> What is expected
Copy every record below exactly, leaving out any pictures.

Start of Block

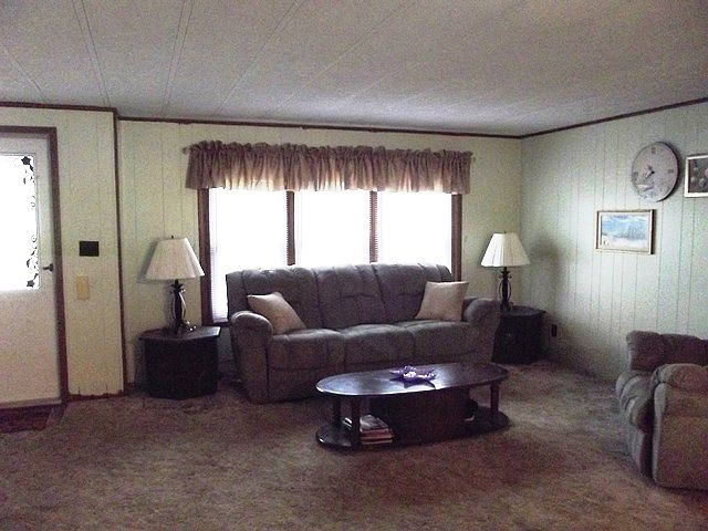 DOUBLE WIDE HOME ON CUL DE SAC with 3 bedrooms & 2 FULL baths ready for immediate occupancy. Open floor plan living/dining room. EIK has custom bench/booth for dinette. Spacious sun room has view to private wooded area behind home. Heat tape helps prevent water pipes from freezing. Third bedroom can be used as office
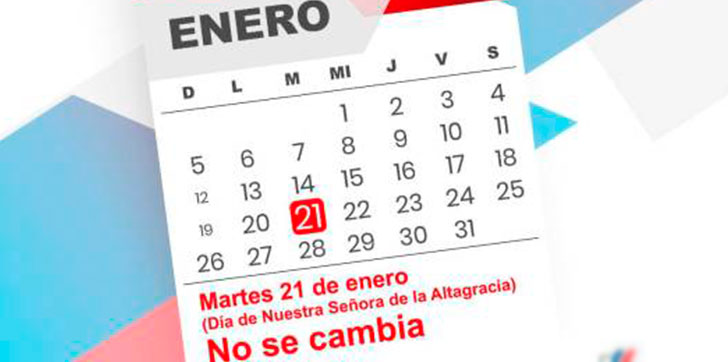 AGENDA56, SANTO DOMINGO.- El Ministerio de Trabajo reitera a toda la colectividad empresarial y trabajadora del país que el “Día de la Altagracia”, festividad religiosa que se celebra el martes 21 de enero, no se cambia.
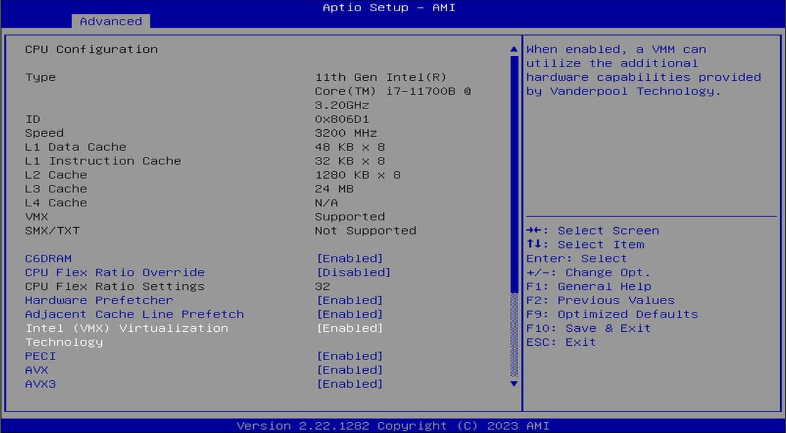 Advanced -> CPU Configuration -> Intel (VMX) Virtualization Technology -> Enabled
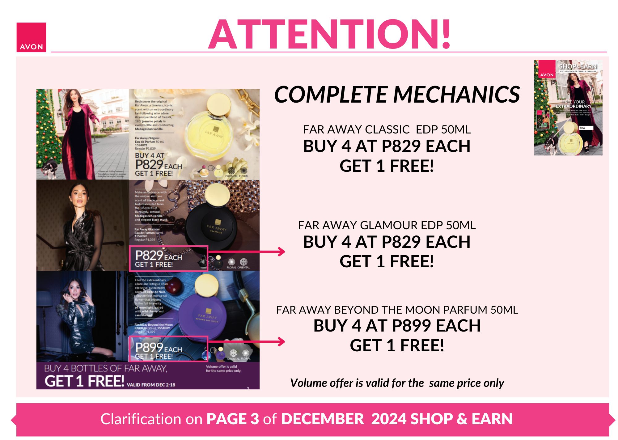 2. Do the Spray, Slay Walk Away Movement and post in your Facebook, Instagram and/or TikTok account, tag Avon PH accounts and use the official hashtags: #AvonPH #AvonFarAway #AvonBranchName (Sample: #AvonTaft). Post from November 28-December 31, 2024.
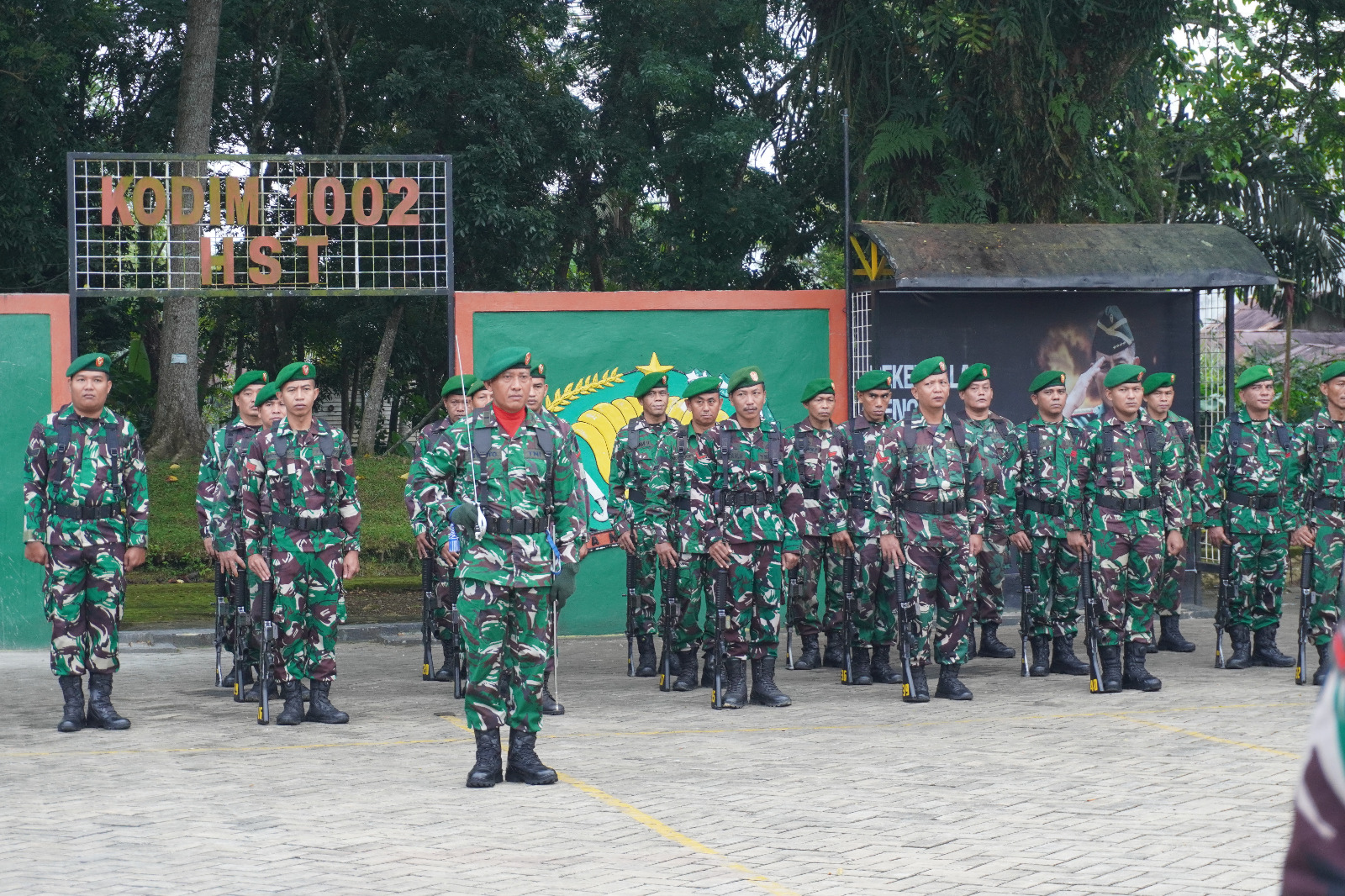 Bertindak sebagai inspektur upacara, Dandim 1002/HST Letkol Inf Ardiansyah Okta Putra Siregar, S.I.P., membacakan amanat Pangdam XXII/Tambun Bungai Mayjen TNI Zainul Arifin, S.A.P., M.Sc.

End of Block

> Task answer
 DOUBLE WIDE HOME ON CUL DE SAC with 3 bedrooms & 2 FULL baths ready for immediate occupancy. Open floor plan living/dining room. EIK has custom bench/booth for dinette. Spacious sun room has view to private wooded area behind home. Heat tape helps prevent water pipes from freezing. Third bedroom can be used as office
 AGENDA56, SANTO DOMINGO.- El Ministerio de Trabajo reitera a toda la colectividad empresarial y trabajadora del país que el “Día de la Altagracia”, festividad religiosa que se celebra el martes 21 de enero, no se cambia.
 Advanced -> CPU Configuration -> Intel (VMX) Virtualization Technology -> Enabled
 2. Do the Spray, Slay Walk Away Movement and post in your Facebook, Instagram and/or TikTok account, tag Avon PH accounts and use the official hashtags: #AvonPH #AvonFarAway #AvonBranchName (Sample: #AvonTaft). Post from November 28-December 31, 2024.
 Bertindak sebagai inspektur upacara, Dandim 1002/HST Letkol Inf Ardiansyah Okta Putra Siregar, S.I.P., membacakan amanat Pangdam XXII/Tambun Bungai Mayjen TNI Zainul Arifin, S.A.P., M.Sc.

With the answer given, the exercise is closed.